It does introduce an extra complexity though: it's harder for the programmer to keep straight what code is executing at compile time vs runtime because the code is interleaved and the context clues are minimal. I wonder if a "comptime shader" could be added to the language server/editor plugin that puts a different background color on comptime code.
>You can _reason_ about a function from its declaration if it has a clear logical purpose, is well named, and has well named parameters.
I think "reason" in gp's context is "compile-time reasoning" as in the compiler's deterministic algorithm to parse the code and assign properties etc.
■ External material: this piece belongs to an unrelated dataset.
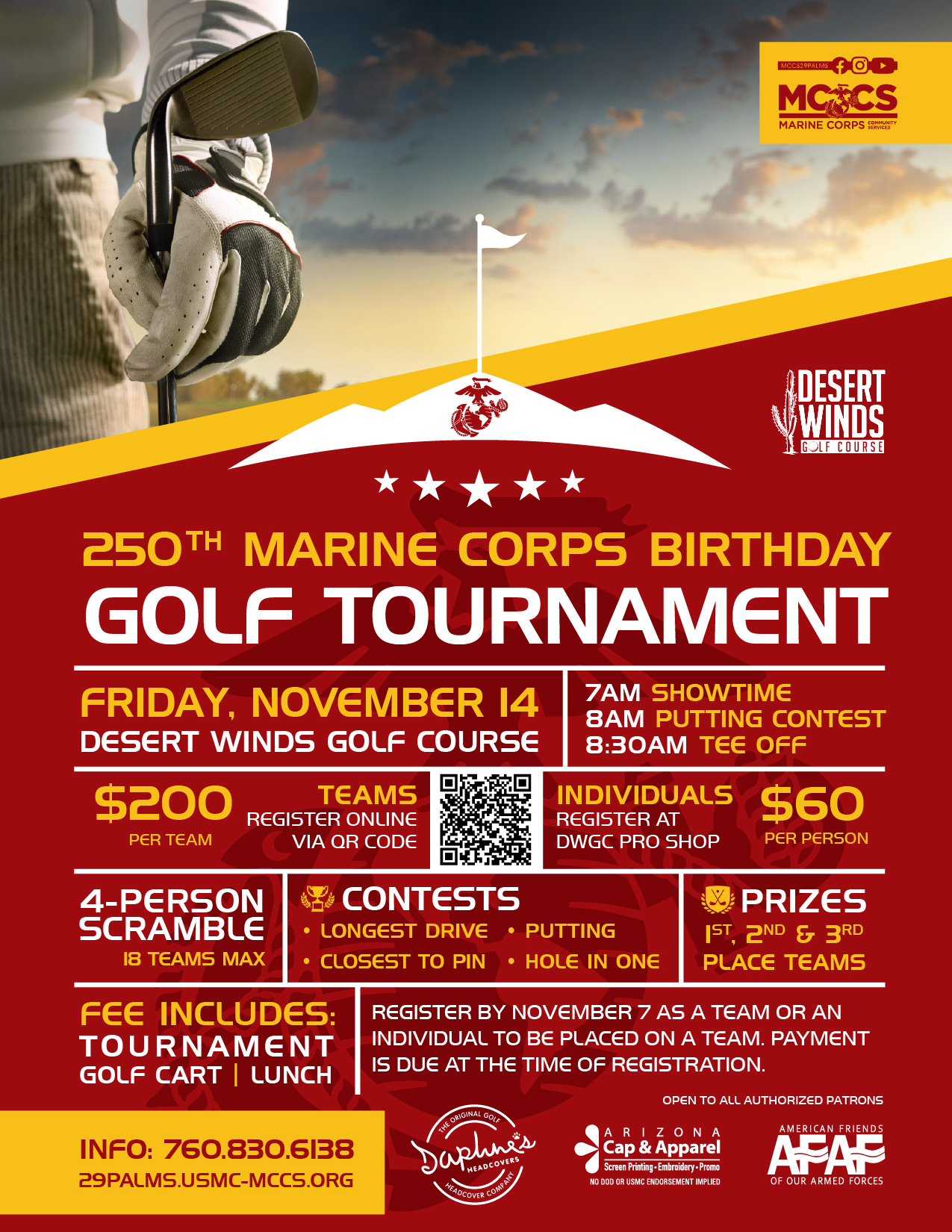 Celebrate the 250th Marine Corps Birthday at Desert Wind Golf Course's annual birthday tournament.

This has downstream effects with generating compiler errors, etc.
It's not about the human programmer's ability to reason so any "improved naming" of function names or parameters still won't help the compiler out because it's still just an arbitrary "symbol" in the eyes of the parser.
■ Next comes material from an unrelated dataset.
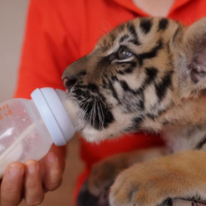 7月25日,在抚州仙盖山野生动物园,饲养员在给东北虎幼崽喂奶。

Downstream effects with generating compiler errors is still about the human programmer's ability to reason about the code, and error messages can only reference the identifier names provided.
The compiler doesn't do anything you, the programmer, don't tell it to do. You tell it what to do by writing code using a certain syntax, connecting identifiers, keywords, and symbols. That's it. If the meaning isn't in the identifiers you provide and how you connect them together with keywords and symbols, it isn't in there at all. The compiler doesn't care what identifier names you use, but that's true whether the identifier is for a parameter label, type name, function name or any other kind of name. The programmer gives those meaning to human readers by choosing meaningful names.
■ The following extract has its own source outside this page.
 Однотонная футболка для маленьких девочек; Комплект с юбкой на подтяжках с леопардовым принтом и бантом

Anyway, zig's compile errors seem OK to me so far.
Actually, the zig comptime programmer can do better than a non-programmable compiler when it comes to error messages. You can detect arbitrary logical errors and provide your own compiler error messages.
There are many ways one can reason about functions, and I think all of us use multiple methods. Parametricity provides one way to do so. One nice feature is that its supported by the programming language, unlike, say, names.
I saw that. But I don't think it has bearing on zig comptime.
zig generates a compile error when you try to pass a non-conforming type to a generic function that places conditions/restrictions on that type (such as by calling a certain predicate on instances of that type).
It's probably important to note that parametricity is a property of specific solution spaces, and not really in the ultimate problem domain (writing correct and reliable software for specific contexts), so isn't necessarily meaningful here.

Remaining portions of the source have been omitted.